58. The Loop Black at Forest Dunes
GD: The idea of a reversible golf course is as old at the Old Course at St. Andrews, and golf architect Joel Goldstrand built a series of nine-hole reversible courses for small clubs in Minnesota, Iowa and North Dakota back in the 1980s. But give (Michigander) Tom Doak credit for convincing a client to take a chance on an 18-hole reversible layout. “The goal is to have two very different courses over the same piece of ground, so people will want to stay over to play it both ways and compare and contrast the two,” Doak said.
59. Greywalls
GD: A decade before architect Mike DeVries created the world-class Cape Wickham Golf Club in Australia, he produced an equally compelling design in Michigan’s Upper Peninsula, a second 18 for Marquette. It’s called Greywalls because of all the granite rock outcroppings that edge some holes and squeeze others, like the short par-4 fifth, and because the rock provides the rugged topography over which this course scampers up and plunges down.
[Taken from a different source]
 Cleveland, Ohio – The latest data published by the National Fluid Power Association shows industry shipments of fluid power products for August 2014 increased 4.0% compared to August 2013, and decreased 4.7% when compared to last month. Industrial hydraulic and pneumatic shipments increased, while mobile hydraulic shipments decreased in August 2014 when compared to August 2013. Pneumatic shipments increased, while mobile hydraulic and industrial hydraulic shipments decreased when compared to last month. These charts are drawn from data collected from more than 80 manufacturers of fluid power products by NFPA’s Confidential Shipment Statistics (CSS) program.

The vistas out over Lake Superior are fantastic, beginning with the opening tee shot. Like Wilderness Club (No. 44 on our 100 Greatest Public list), this is a destination course worth hiking to play.
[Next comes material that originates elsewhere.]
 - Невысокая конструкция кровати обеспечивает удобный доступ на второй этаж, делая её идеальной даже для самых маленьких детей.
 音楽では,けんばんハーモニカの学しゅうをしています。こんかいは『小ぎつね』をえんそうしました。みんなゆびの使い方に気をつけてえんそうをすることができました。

69. The Loop Red at Forest Dunes
I was glad to see that the magazine rated each direction/color name of the Loop as two separate courses, because despite the fact they lay over each other in the reversible format, it takes a keen golfer to realize this. Even though the topography and landforms are the same, with individualized green entrances and other unique features, in no way does it feel like the same course, nor playing the course backwards from the day before.
73. Tullymore
GD: A past member of our 100 Greatest list, Tullymore has exciting design variety with five par 5s and five par 3s. The course winds through 800 acres of woods and wetlands and features the unique "muscle" bunkers and bowled greens that architect Jim Engh became known for when he was designing some of the most distinctive new golf courses in the late 1990s and 2000s. Tullymore has previously been ranked for 18 years on our 100 Greatest Public, debuting at No. 14 in 2003.
New to Golf Digest List:
90. Harbor Shores
GD: Just 90 minutes from Chicago in western Michigan, Harbor Shores is a scenic Jack Nicklaus layout that often gets high marks for conditioning from our panelists. It was constructed over parts of a former manufacturing facility that required a significant amount of remediation, but the result is a sanctuary of nature where toxic compounds used to be. The holes are spread far and wide around the vast site, broken into distinct sections while crossing the Paw Paw River several times. Harbor Shores offers intriguing design variety, with dense forest, dunes, creeks and fescue all in play, and a highlight stretch of three holes along Lake Michigan.
98. Belvedere Golf Club
This Michigan gem is celebrating 100 years in 2025. It has hosted dozens and dozens of the prestigious Michigan Amateur tournaments over the years and will again this summer. Golf Digest added this: “It’s a graceful example of a design that reacts to the land with fairways that flow over links-like ripples and greens sited on natural landforms and benched into slopes. The putting contours are from another era, full of dimples, knobs, swales and bubbles that enliven short game intrigue—chips and putts demand as much attention and creativity as full shots, the sign of great architecture. Belvedere is a private course that welcomes outside play, and it can be walked in the early season for as little as $62.”